I have grown it in the past. What you are describing is the most difficult way to grow it. Again, this is the realm of professionals or the devoted hobbyist, and it wasn’t even the preferred method for the pros until the last 20 years. Even then, it’s not that hard. The hard part is keeping it undiscovered. The easiest way to grow it: leave a seed unattended in your yard in the spring. If I leave the ingredients for beer unattended in my yard, I’ll get mold.

Yes, I have grown pot several times, and yes it is easy. Growing inside takes a bit of learning, growing outside is something that anyone who has ever grown a garden can do.

It might actually be easier than growing tomatoes.

!!! Now there’s some market-potential!
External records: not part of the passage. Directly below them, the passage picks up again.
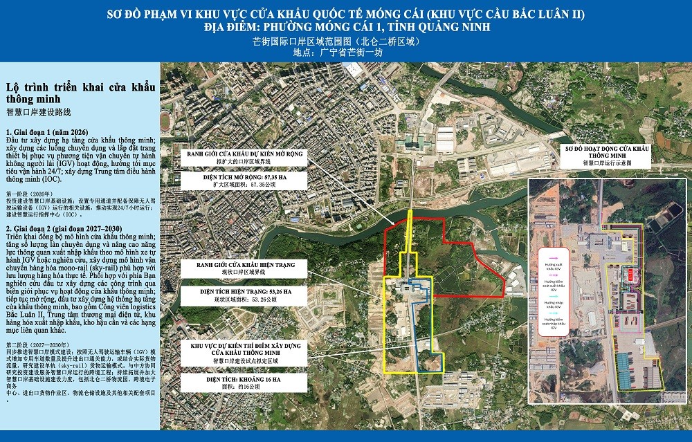 广宁省口岸管理委员会副主任邓明尊表示: “在北仑一号桥区域,将扩大口岸的范围和边界,加大对出入境和海关清关空间及面积的投资,并增加自动化管控流程。北仑二号桥区域将实行智慧口岸模式,增加专用通道数量,并采用自动驾驶车辆模式或建设单轨货运模式,提升进出口通关能力。我们还与中方协调,研究和建设支持智慧口岸运行的跨境基础设施。”
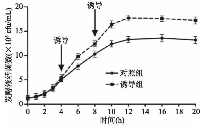 1.2.3生長曲線測定四級發酵液按不同的時間點(0、1、2、3、4、6、8、10、12、16、20 h)取樣,測定發酵液活菌數,制作生長曲線。
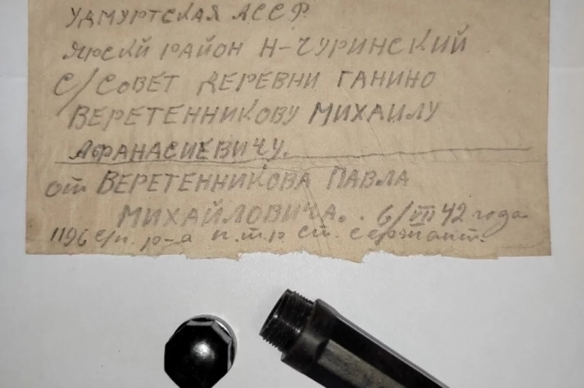 Медальон принадлежал Павлу Михайловичу Веретенникову (старший сержант роты ПТР 1196 стрелкового полка, 1910 г. р., уроженец деревни Ганино, Ярского района Удмуртской АССР). Родственники бойца пока не найдены.

Beer that makes you thirstier!

Like I said, it depends what you mean and what you compare it to. Growing hemp is a very standardized process thousands of years old, if you scatter seeds around in an appropriate climate there is a very good chance several plants will grow without any further intervention.

That’s the basic botany, now being able to grow it in a consistent manner, with consistent results, where you get optimal THC concentrations that is more akin to the difference between me scattering tomato seed in a backyard garden and a State fair winning tomato grower growing prize winning blue ribbon tomatoes. There is a difference, and I’m not denying that, that’s true with all plant growing. But if you’re just talking about the “base process”, growing a plant is easier than brewing your own beer or fermenting your own wine.

Now, growing “premium” quality plants is probably harder than fermenting toilet wine or brewing beer with one of those $50 do it yourself kits which take 99% of the effort out of it, I’ll give you that. But if you’re comparing brewing prize winning craft beer or award winning wine, I’d argue those are probably significantly harder trades than growing the most premium weed–or any “naturally grown” crop. Just because at that level of brewing or winemaking it is a highly complex process with many more variables than even the most intensive marijuana operation. If for no other reason than the best beers or wines involved rigorous control over the growing of the plants underlying those finished products in addition to rigorous control over a production process involving finicky chemical reactions that can go south because of any number of minor mistakes.

Well that’s like comparing maintaining a tropical saltwater aquarium to keeping regular fish. Both situations are highly unnatural for the fish (as is hydroponics and indoor growing for a field crop like cannabis), and thus require a great deal of human intervention and effort to keep working. The saltwater fish is a lot more out of its element than the freshwater temperate fish, just as a plant like corn would be a lot more out of its element indoors versus a fern. That has nothing to do with legal production, which is what this thread is about. Indoor growing is almost entirely done to avoid detection by authorities, which is not a concern with legalized growing.